Dataset excerpt Block Start

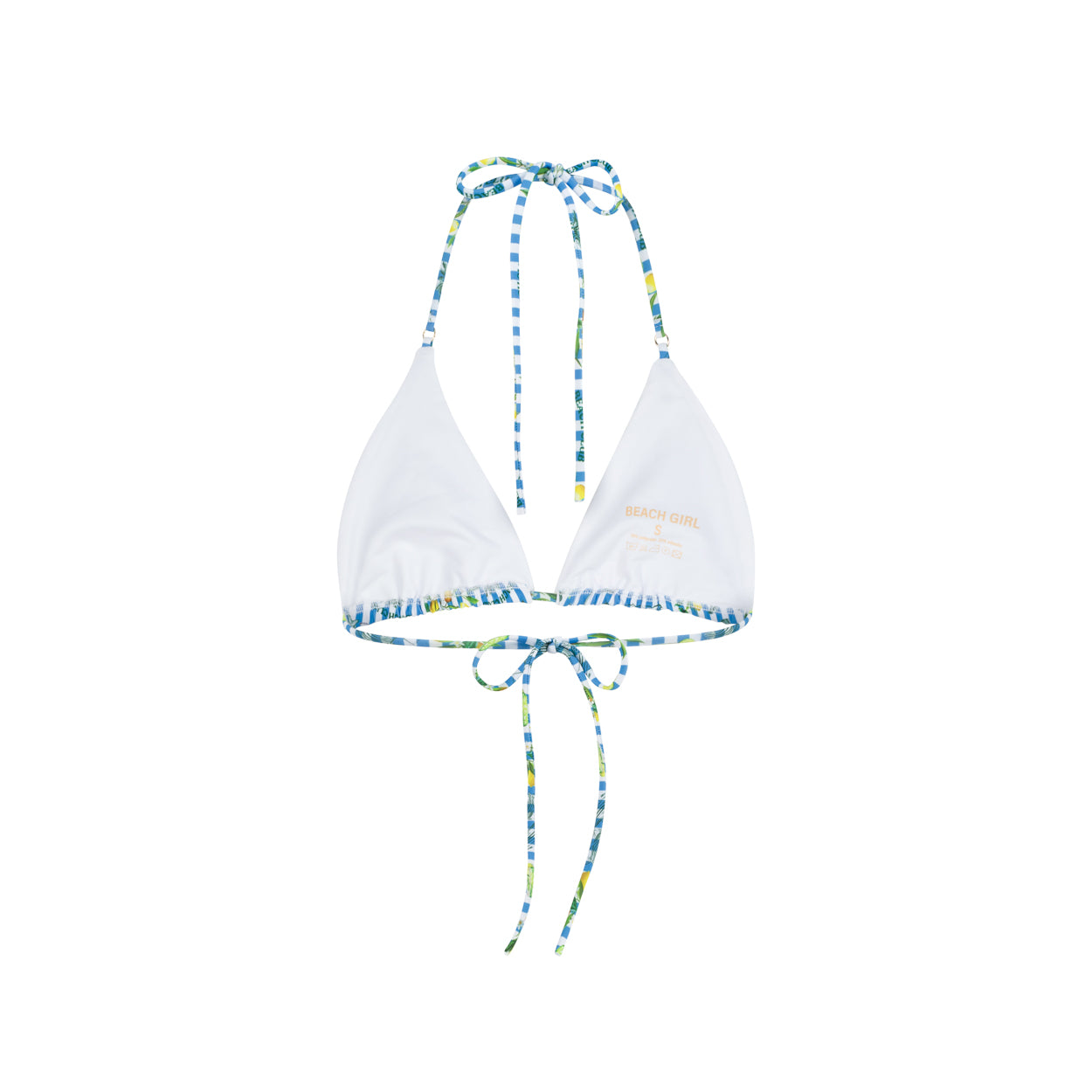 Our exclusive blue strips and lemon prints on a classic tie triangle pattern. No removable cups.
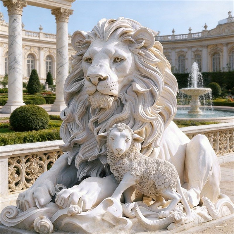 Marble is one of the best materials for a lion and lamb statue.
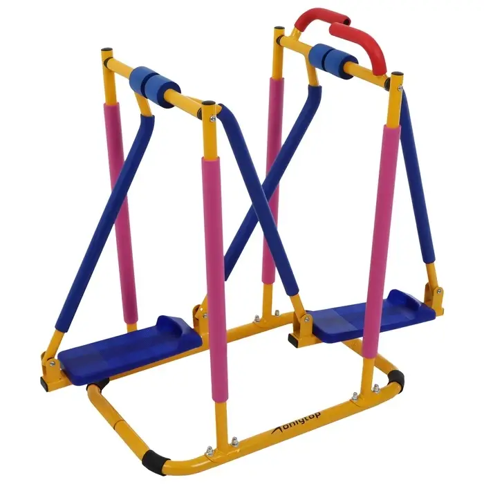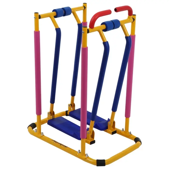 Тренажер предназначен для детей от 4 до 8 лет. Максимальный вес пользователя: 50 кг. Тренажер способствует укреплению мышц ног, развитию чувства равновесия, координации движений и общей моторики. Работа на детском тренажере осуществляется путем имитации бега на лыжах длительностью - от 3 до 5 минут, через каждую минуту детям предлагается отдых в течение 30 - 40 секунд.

Dataset excerpt Block End

• _Problem details_
Keep pictures out and return the lines from the one containing "Marble is one" through the end of the listing, both included, character for character.

• _Solved problem_
 Marble is one of the best materials for a lion and lamb statue.
 Тренажер предназначен для детей от 4 до 8 лет. Максимальный вес пользователя: 50 кг. Тренажер способствует укреплению мышц ног, развитию чувства равновесия, координации движений и общей моторики. Работа на детском тренажере осуществляется путем имитации бега на лыжах длительностью - от 3 до 5 минут, через каждую минуту детям предлагается отдых в течение 30 - 40 секунд.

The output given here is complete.